:: DATA TO PROCESS ::
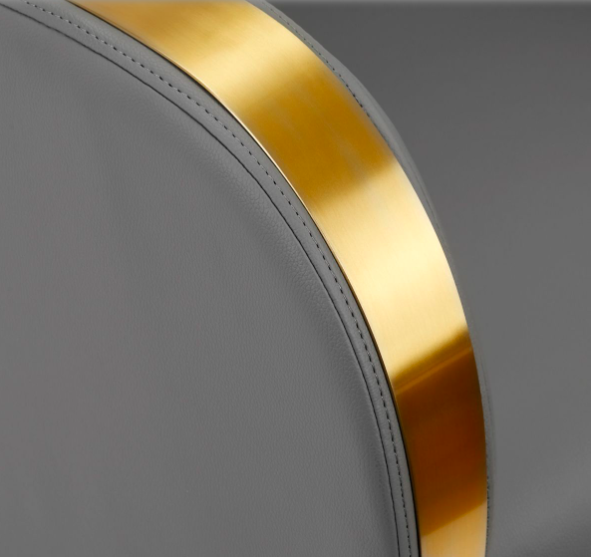 A szürke árnyalatú műbőr borítás tartós, ellenáll a deformációnak, és könnyen tisztítható. A tartós habszivaccsal töltött, jól profilozott ülőfelület és az elegáns, aranyszínűre lakkozott fém karfák biztosítják az optimális testtartást és kényelmet akár hosszabb kezelések során is. A Gabbiano Malaga fodrász fejmosó minden olyan tulajdonsággal rendelkezik, amelyre egy modern fodrászszalonban szükség van.
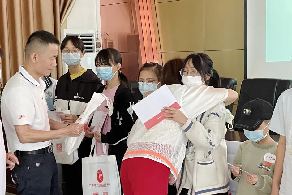淋过雨的人,才更懂得为他人撑伞,经历过苦难的他们,更懂得要把爱传递出去,回馈社会。同学们的愿望真切动人,让在场的志愿者们为之动容,志愿者拥抱着他们,感动落泪。
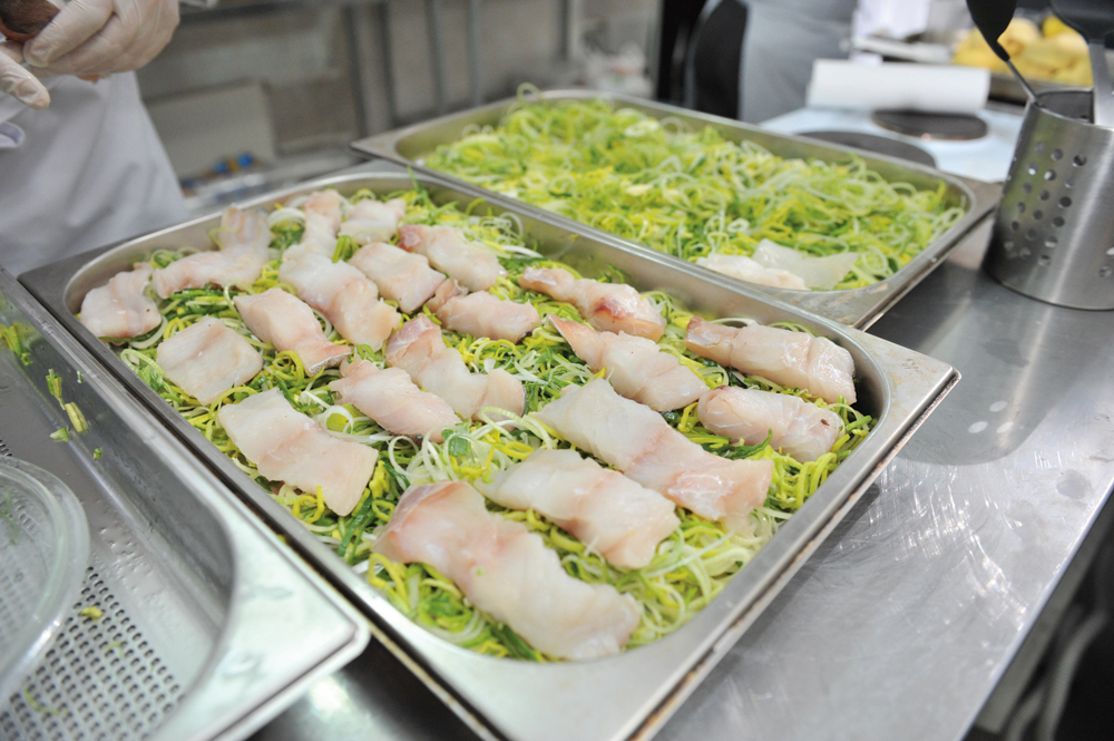 В пароконвектомате Houno Валерьян Антонов приготовил на пару треску с луком пореем. Это блюдо, приготовленное в щадящем температурном режиме за 15 минут, имело не только превосходный вкус, но и сохранило все витамины и полезные вещества, причем порей даже не изменил свой яркий зеленый цвет. При помощи ручного миксера-блендера MP-250 со сменными насадками приготовили массу для куриного суфле, потом ее запекли в уже упомянутом пароконвектомате Houno. Блендер MP-250 был задействован и для приготовления творожной массы для запеканки опять же в пароконвектомате. Было отмечено, что оборудование производства Houno и Robot Coupe сочетают как высокую технологичность и надежность, так и простоту в освоении и эксплуатации.
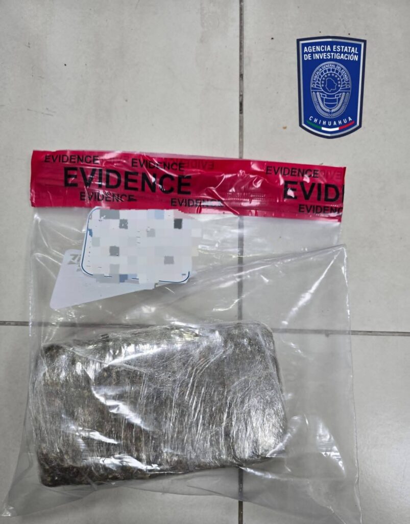 • Un envoltorio de plástico transparente, que contenía una hierba verde, seca y olorosa, con las características de la droga denominada mariguana, de un peso aproximado de 401 gramos.
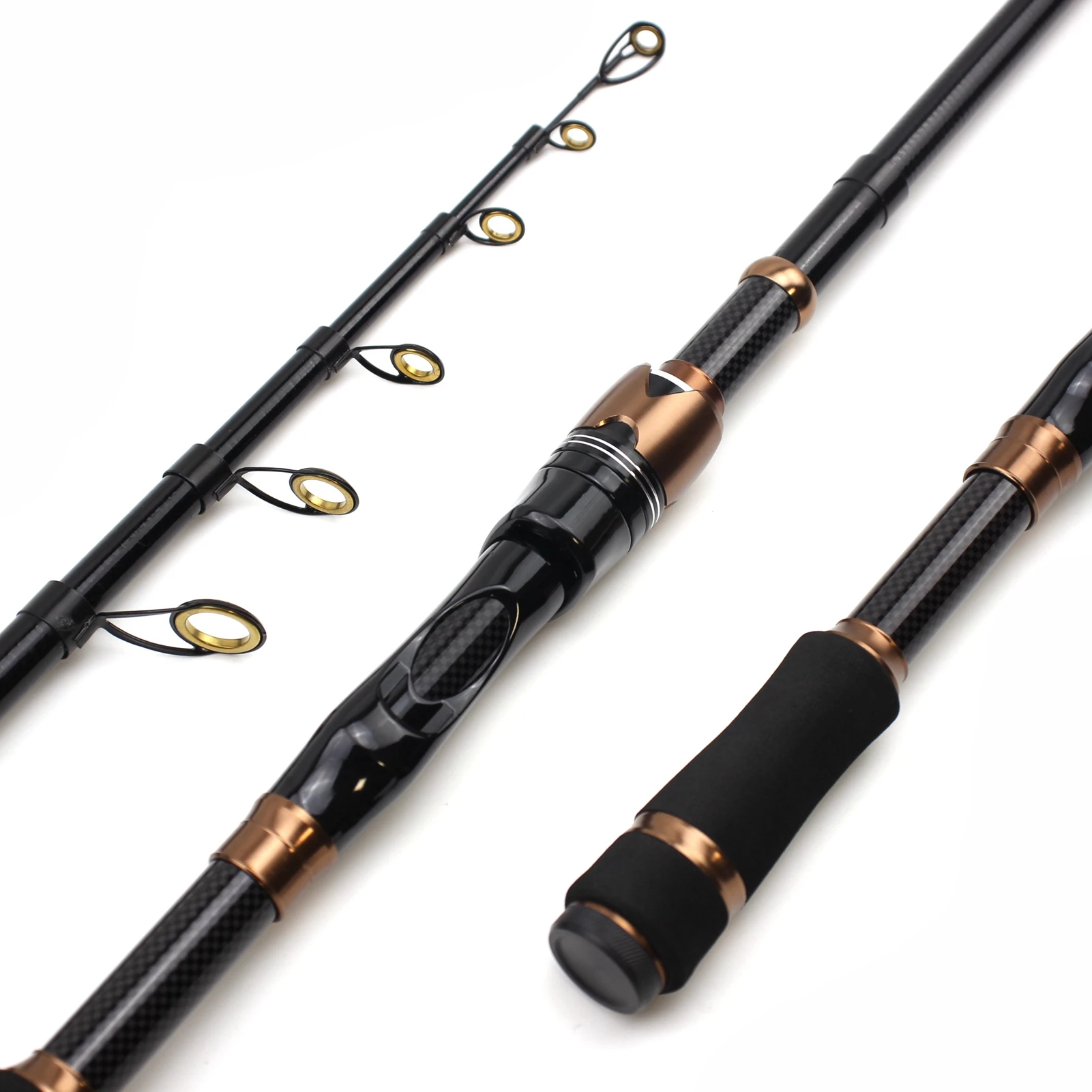 2. Caña de pescar ultraligera de larga distancia, el peso de la caña de pescar es de 170g. El anillo guía de cerámica de color de alta calidad no dañará la línea de pesca. Mango largo antideslizante de EVA, buena sensación en la mano, asiento de carrete tridimensional, novedoso y de moda.
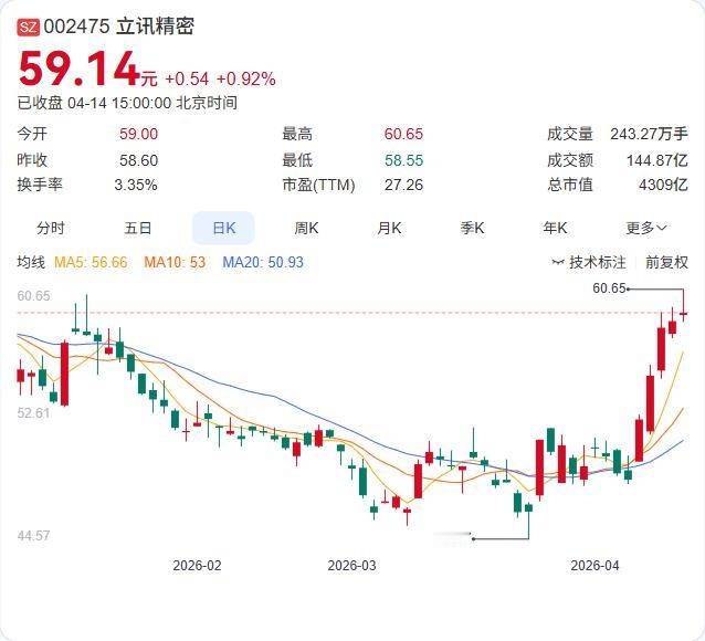 立讯精密2025年报来了:营收3323.44亿,净利166亿,双双刷新历史纪录! 4月14日晚间,公司正式披露2025年年报,营收同比增长23.64%,归母净利润同比增长24.20%。Q4单季净利润50.81亿,环比Q3的48.74亿继续增长,全年呈现逐季走强的态势。公司拟每10股派1.4元,合计派现约10.2亿元。
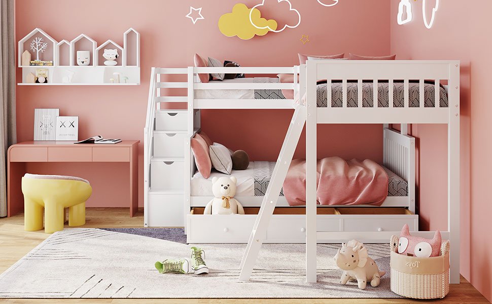 Maximized Space: The bunk bed takes up minimal space, making it perfect for spontaneous sleepover guests. Even better, the drawers and shelves in the staircase offer extra space for clothes and bedtime stories. Functional and aesthetic, this bunk bed will enhance any bedroom.
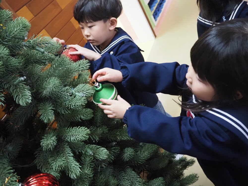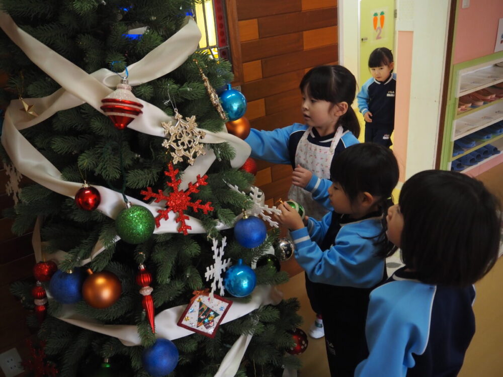 まず第1弾はクリスマスツリーの飾り付けをみんなでしました。
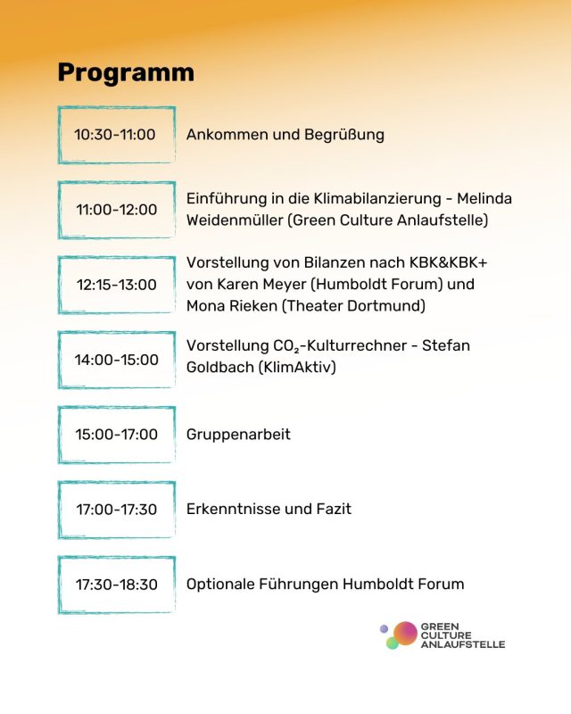 Die Green Culture Anlaufstelle lädt Sie am Donnerstag, den 20.02.2025 zum Workshop zur Klimabilanzierung mit dem Bundesrechner von 11:00 – 17:30 Uhr im Humboldt Forum in Berlin ein.
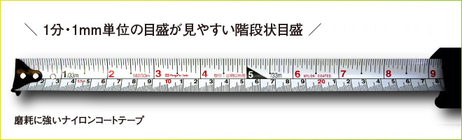 ・1mm単位の目盛が見やすい階段状目盛です。
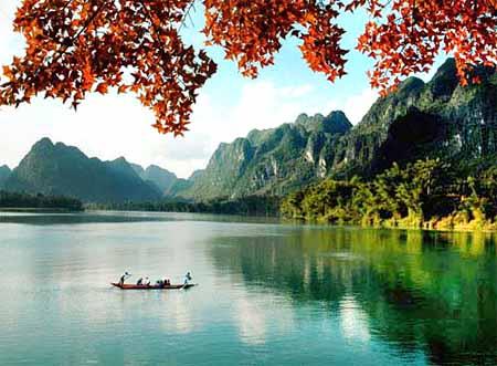 紅水河岸上風(fēng)光 處處是高聳的峰叢,放眼望去重巒迭嶂,高低錯(cuò)落變化無窮,擬人擬物,裸露著奇特的形體,遍地可見深幽的洼地,俯首遠(yuǎn)眺隱約察覺村寨、田間和水池交織其間,不禁嗟嘆這小小的一隅之谷猶如世外桃源,大有恍若隔世之感。這個(gè)奇妙的境地,磊磊多石,山巖嶙剛,崎嶇突兀,間或夾雜堅(jiān)韌虬典的林木盤根錯(cuò)節(jié)的榕樹,顯示出一種昏螟、空靈而粗獷的氣勢,令人十分駭異。
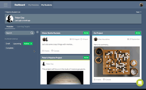 Transforming a teacher-led classroom to a student-led classroom doesn’t happen overnight. So why not customize project leadership to best fit your community? Project-based learning can be co-designed by both teachers and students, just as projects in any workplace are often co-designed by employer and employee. Our software allows for flexible management of project work so that teacher-led, student-led or co-designed projects are easy to digitally develop and track. Even better, student achievement tracking is made asynchronous by HEADRUSH, which allows students to be in the driver’s seat of their own learning, while teachers serve as their supportive passengers. As students co-manage and co-track their own progress with their project advisors, they develop a genuine understanding of their own skill development and overall learning target achievement. By design, this allows the transition from a teacher-led to student-led classroom happen more naturally, and for each community to find the best balance when enabling deeper learning depending on their personal needs.
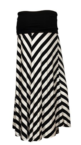 Description : Plus size dress features sleeveless tube dress styling. Maxi length, Slip on design. Can be worn as both skirt or a dress. Diagonal stripe print on bottom and contrasting solid black fabric on bodice. Rayon blend fabric. Available in junior plus size 1XL, 2XL, 3XL.
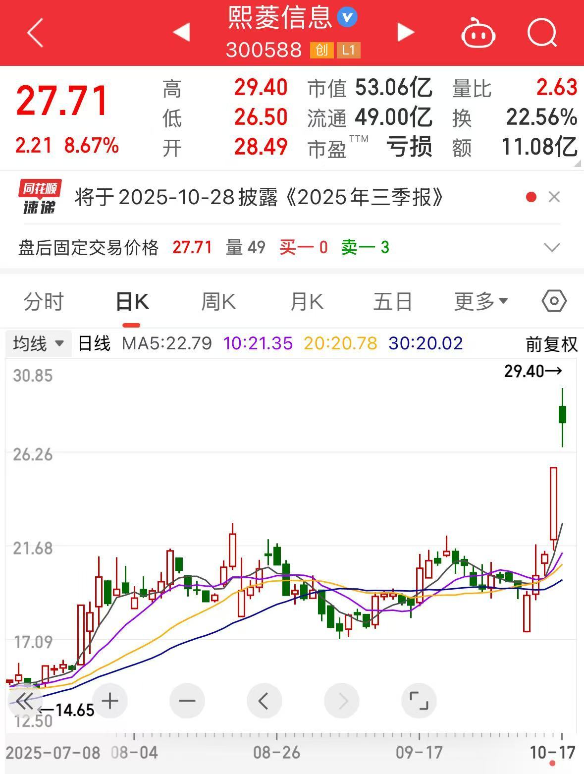 盘面上,截至10月17日收盘,熙菱信息股价大涨超8%,报27.71元,市值53.06亿元。值得注意的是,自8月19日岳亚梅被立案调查并采取留置措施以来,熙菱信息股价反而涨了34.32%。
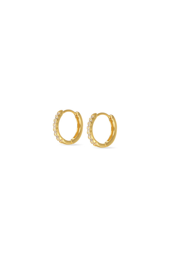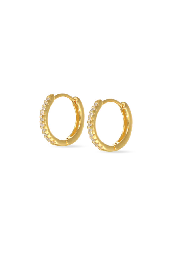 Orecchini a cerchio in Argento 925 Placcato Oro Giallo con Zirconi Bianchi 10 mm
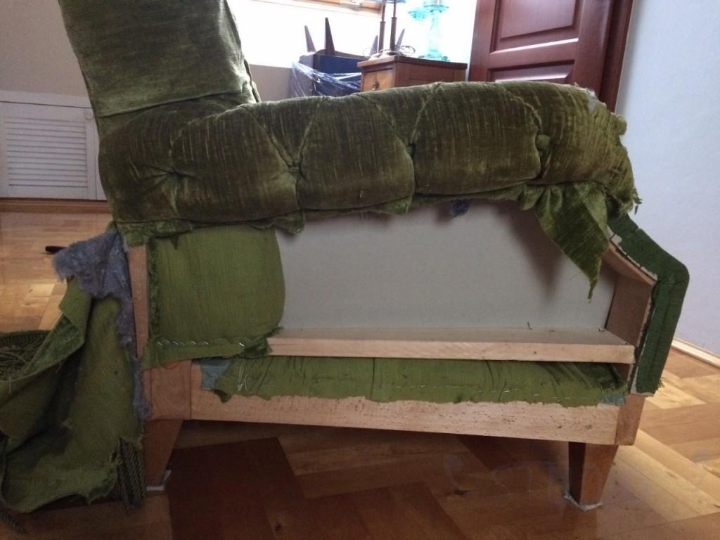 Pierwszym krokiem było rozebranie sofy na części pierwsze, zdarcie jej oliwkowego ubranka, usunięcie frędzli, dekoracji, chwostów, guzików i.t.d.
:::
**TASK BRIEF:** The response must match the data line for line, from its first line through the line with "まず第1弾はクリスマスツリーの飾り付けをみんなでしました。", inclusive, and must leave out the pictures.

**EXPECTED ANSWER:**
 A szürke árnyalatú műbőr borítás tartós, ellenáll a deformációnak, és könnyen tisztítható. A tartós habszivaccsal töltött, jól profilozott ülőfelület és az elegáns, aranyszínűre lakkozott fém karfák biztosítják az optimális testtartást és kényelmet akár hosszabb kezelések során is. A Gabbiano Malaga fodrász fejmosó minden olyan tulajdonsággal rendelkezik, amelyre egy modern fodrászszalonban szükség van.
淋过雨的人,才更懂得为他人撑伞,经历过苦难的他们,更懂得要把爱传递出去,回馈社会。同学们的愿望真切动人,让在场的志愿者们为之动容,志愿者拥抱着他们,感动落泪。
 В пароконвектомате Houno Валерьян Антонов приготовил на пару треску с луком пореем. Это блюдо, приготовленное в щадящем температурном режиме за 15 минут, имело не только превосходный вкус, но и сохранило все витамины и полезные вещества, причем порей даже не изменил свой яркий зеленый цвет. При помощи ручного миксера-блендера MP-250 со сменными насадками приготовили массу для куриного суфле, потом ее запекли в уже упомянутом пароконвектомате Houno. Блендер MP-250 был задействован и для приготовления творожной массы для запеканки опять же в пароконвектомате. Было отмечено, что оборудование производства Houno и Robot Coupe сочетают как высокую технологичность и надежность, так и простоту в освоении и эксплуатации.
 • Un envoltorio de plástico transparente, que contenía una hierba verde, seca y olorosa, con las características de la droga denominada mariguana, de un peso aproximado de 401 gramos.
 2. Caña de pescar ultraligera de larga distancia, el peso de la caña de pescar es de 170g. El anillo guía de cerámica de color de alta calidad no dañará la línea de pesca. Mango largo antideslizante de EVA, buena sensación en la mano, asiento de carrete tridimensional, novedoso y de moda.
 立讯精密2025年报来了:营收3323.44亿,净利166亿,双双刷新历史纪录! 4月14日晚间,公司正式披露2025年年报,营收同比增长23.64%,归母净利润同比增长24.20%。Q4单季净利润50.81亿,环比Q3的48.74亿继续增长,全年呈现逐季走强的态势。公司拟每10股派1.4元,合计派现约10.2亿元。
 Maximized Space: The bunk bed takes up minimal space, making it perfect for spontaneous sleepover guests. Even better, the drawers and shelves in the staircase offer extra space for clothes and bedtime stories. Functional and aesthetic, this bunk bed will enhance any bedroom.
 まず第1弾はクリスマスツリーの飾り付けをみんなでしました。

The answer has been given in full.